Integra Cranial Access Kit Packaging Defect Compromises Sterility

Plain-English summary

Integra LifeSciences Corp. is recalling 180 units of the Integra® Cranial Access Kit (Catalog Number INS7280) used for access to the subarachnoid space or lateral ventricles of the brain during neurosurgery.

A defect in the outer packaging can cause the packaging to split without additional external force, compromising the sterility of the device.

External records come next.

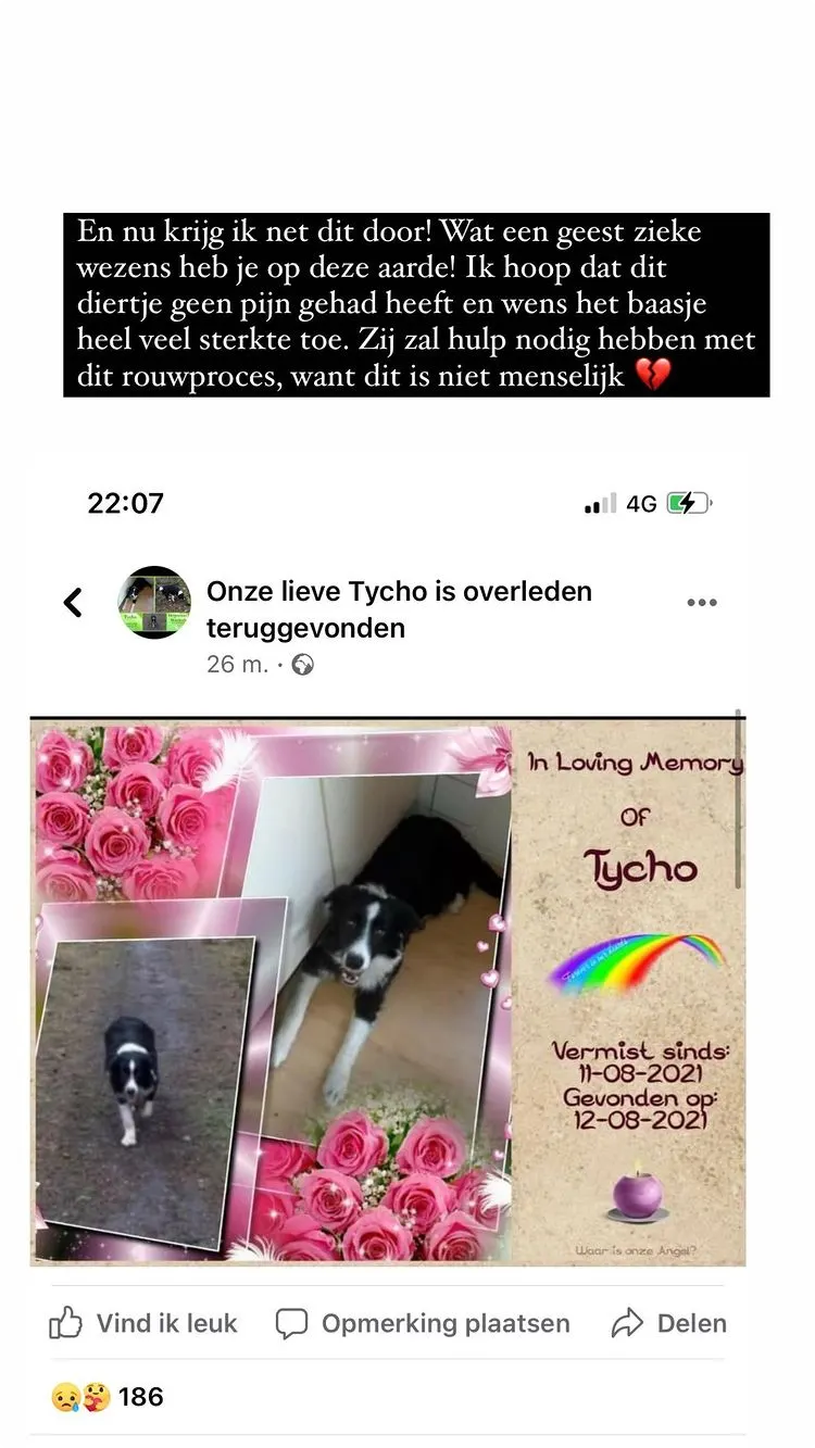 Kort daarna plaatst Monique een bericht waaruit blijkt dat de ontvoerde hond overleden is teruggevonden. "En nu krijg ik dit door! Wat een geestzieke wezens heb je op deze aarde!", schrijft Monique bij het bericht. "Ik hoop dat dit diertje geen pijn heeft gehad en wens het baasje heel veel sterkte toe. Zij zal hulp nodig hebben met dit rouwproces, want dit is niet menselijk."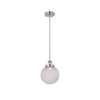 The Casablance Pendant Light offers a classic spherical design that scatters light via a dimpled diamond glass cover. The ceiling mount and main fixture feature a striking chrome finish from which the sphere hangs.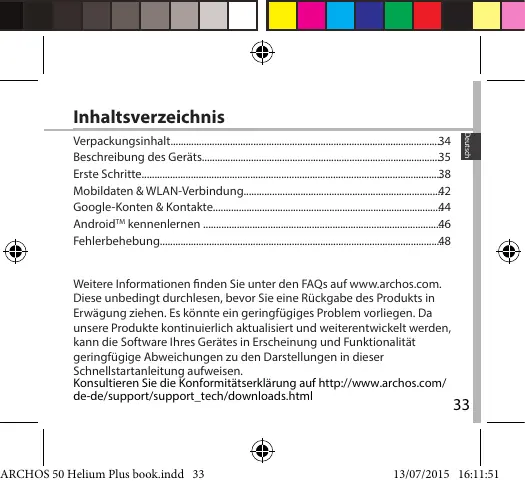 - ARCHOS 50 Helium Plus book.indd 32 13/07/2015 16:11:51 Inhaltsverzeichnis Weitere Informationen finden Sie unter den FAQs auf www.archos.com. Diese unbedingt durchlesen, bevor Sie eine Rückgabe des Produkts in Erwägung ziehen. Es könnte ein geringfügiges Problem vorliegen. Da unsere Produkte kontinuierlich aktualisiert und weiterentwickelt werden, kann die Software Ihres Gerätes in Erscheinung und Funktionalität geringfügige Abweichungen zu den Darstellungen in dieser Schnellstartanleitung aufweisen. Konsultieren Sie die Konformitätserklärung auf http://www.archos.com/ de-de/support/support_tech/downloads.html ARCHOS 50 Helium Plus book.indd 33 Deutsch Verpackungsinhalt p. 34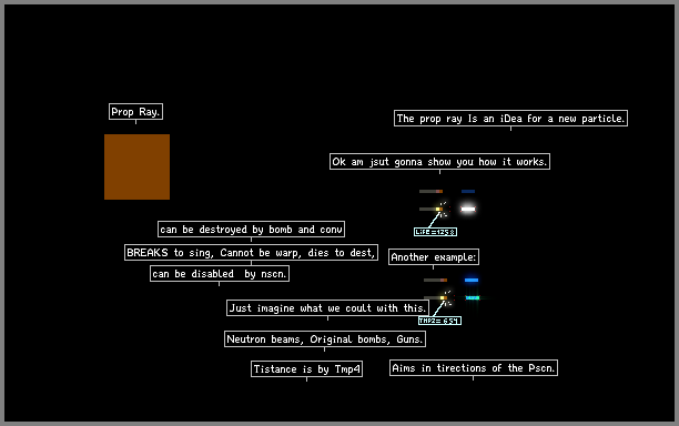 A prop ray, Is an itea for a new particle, Acts like a prop ray, Tmp4 is tistance, Setting it to any value like life 154 On this, When it is activatet by pscn, It will set its own value of 154 life on the other Particle, Like 246 life, 15 tmp Set to exot

Non-sterile instruments in neurosurgical procedures create a risk of infection and contamination.

The affected units were distributed worldwide, including throughout the United States and to Argentina, Australia, Belgium, Canada, Chile, France, Ireland, Israel, South Africa, and the United Kingdom. The affected lot numbers are 6788735 (expiration 1-Mar-25) and 7078240 (expiration 1-May-25).

Healthcare facilities and users who have these kits should immediately discontinue use, quarantine the affected units, and contact Integra LifeSciences Corp. for return and replacement instructions.

The recalled product

Product

Integra¿ Cranial Access Kit-For access to the subarachnoid space or the lateral ventricles of the brain. Catalog Number: INS7280

Manufacturer

Integra LifeSciences Corp.

Category

Medical Device — Surgical / Neurosurgical

Hazard

• packaging-defect
• sterility-compromise

Is your product affected?

Check your packaging against the codes below. If any of them match, the product is part of this recall.

Distribution

Distributed nationwide across the United States.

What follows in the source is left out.